The task: Beginning with the line containing "(1)現有的模型技術尚無法模" and going on through the line containing "1、下载程序YiCaiBat", the lines below are to be returned exactly, pictures excluded and nothing added.

Records for the task:
^^^^^^^^

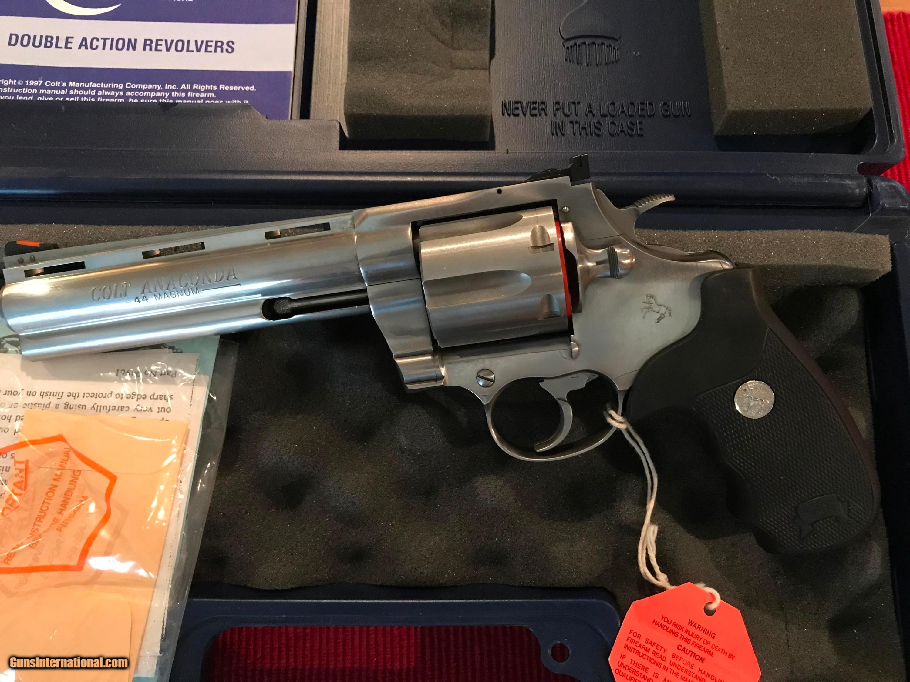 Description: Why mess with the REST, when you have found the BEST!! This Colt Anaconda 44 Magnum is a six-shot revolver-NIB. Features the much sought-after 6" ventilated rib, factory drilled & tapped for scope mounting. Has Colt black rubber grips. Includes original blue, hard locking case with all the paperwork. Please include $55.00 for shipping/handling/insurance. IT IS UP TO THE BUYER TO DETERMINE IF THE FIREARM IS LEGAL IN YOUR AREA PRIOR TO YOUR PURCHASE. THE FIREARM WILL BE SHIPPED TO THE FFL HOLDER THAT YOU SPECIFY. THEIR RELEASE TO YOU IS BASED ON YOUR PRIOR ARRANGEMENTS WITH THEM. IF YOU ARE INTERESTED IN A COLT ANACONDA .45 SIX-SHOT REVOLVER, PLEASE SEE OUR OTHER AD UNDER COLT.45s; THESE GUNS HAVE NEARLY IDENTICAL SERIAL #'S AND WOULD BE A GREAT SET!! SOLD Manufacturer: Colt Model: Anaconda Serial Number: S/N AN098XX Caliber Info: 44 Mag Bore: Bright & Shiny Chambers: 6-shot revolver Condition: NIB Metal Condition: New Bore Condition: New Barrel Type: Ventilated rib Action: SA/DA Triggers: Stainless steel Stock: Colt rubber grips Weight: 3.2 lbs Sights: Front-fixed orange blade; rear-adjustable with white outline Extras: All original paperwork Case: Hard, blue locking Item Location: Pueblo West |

^^^^^^^^

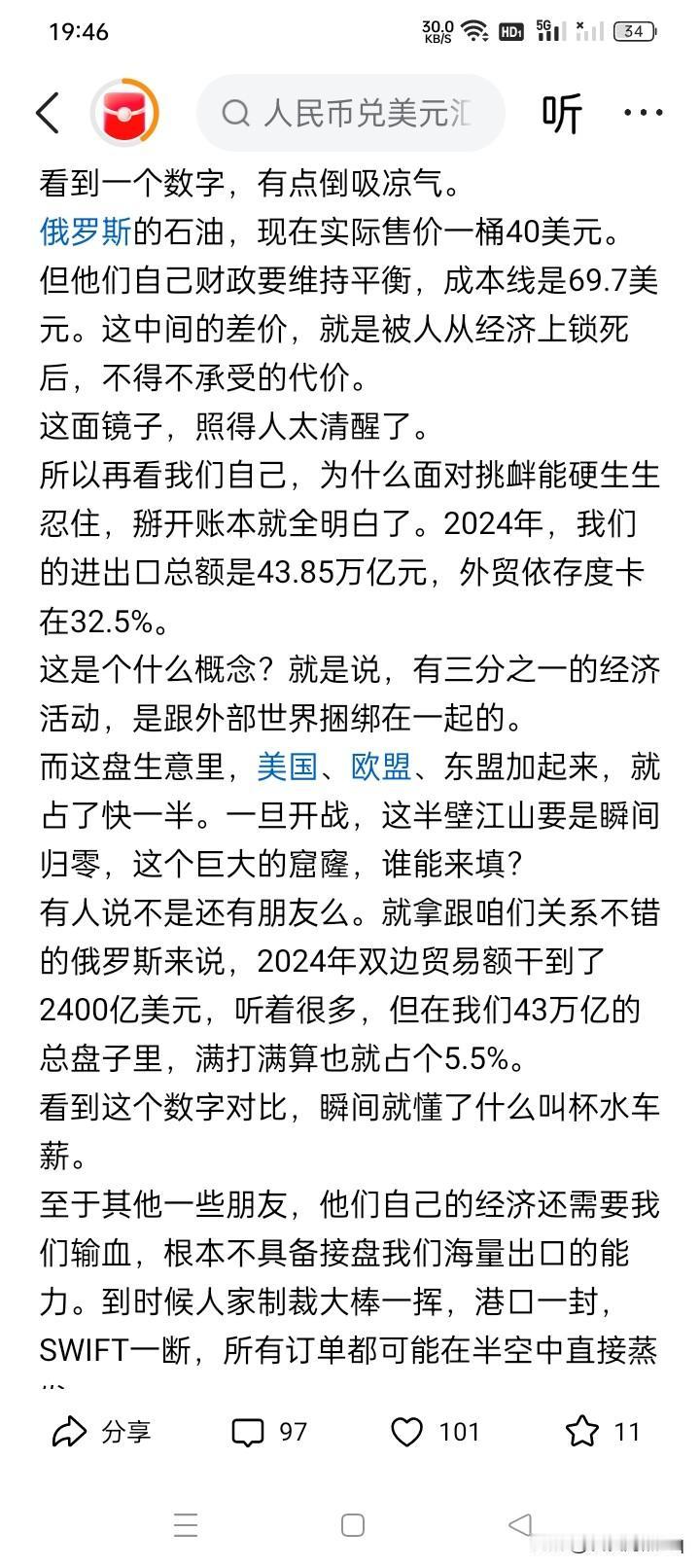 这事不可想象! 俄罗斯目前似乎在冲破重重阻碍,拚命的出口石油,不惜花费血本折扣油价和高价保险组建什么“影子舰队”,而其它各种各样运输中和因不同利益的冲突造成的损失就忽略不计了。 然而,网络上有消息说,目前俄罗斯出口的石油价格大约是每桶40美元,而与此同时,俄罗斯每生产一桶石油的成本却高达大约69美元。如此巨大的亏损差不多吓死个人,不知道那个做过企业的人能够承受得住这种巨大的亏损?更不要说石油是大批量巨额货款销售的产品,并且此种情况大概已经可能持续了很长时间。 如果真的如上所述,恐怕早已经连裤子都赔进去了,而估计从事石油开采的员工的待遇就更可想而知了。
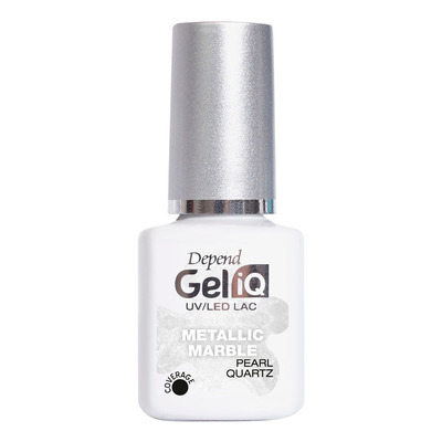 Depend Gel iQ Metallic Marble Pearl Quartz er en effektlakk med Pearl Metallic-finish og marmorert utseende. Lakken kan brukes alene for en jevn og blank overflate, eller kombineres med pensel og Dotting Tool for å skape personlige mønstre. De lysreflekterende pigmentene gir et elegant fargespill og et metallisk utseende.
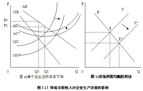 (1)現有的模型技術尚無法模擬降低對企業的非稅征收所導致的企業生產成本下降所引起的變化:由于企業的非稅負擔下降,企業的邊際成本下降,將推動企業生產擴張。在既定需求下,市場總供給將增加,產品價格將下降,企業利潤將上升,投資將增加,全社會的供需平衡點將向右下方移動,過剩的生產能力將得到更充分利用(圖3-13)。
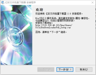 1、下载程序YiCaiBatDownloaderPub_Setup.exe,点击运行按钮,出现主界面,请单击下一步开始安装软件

^^^^^^^^

Your solution:
 (1)現有的模型技術尚無法模擬降低對企業的非稅征收所導致的企業生產成本下降所引起的變化:由于企業的非稅負擔下降,企業的邊際成本下降,將推動企業生產擴張。在既定需求下,市場總供給將增加,產品價格將下降,企業利潤將上升,投資將增加,全社會的供需平衡點將向右下方移動,過剩的生產能力將得到更充分利用(圖3-13)。
 1、下载程序YiCaiBatDownloaderPub_Setup.exe,点击运行按钮,出现主界面,请单击下一步开始安装软件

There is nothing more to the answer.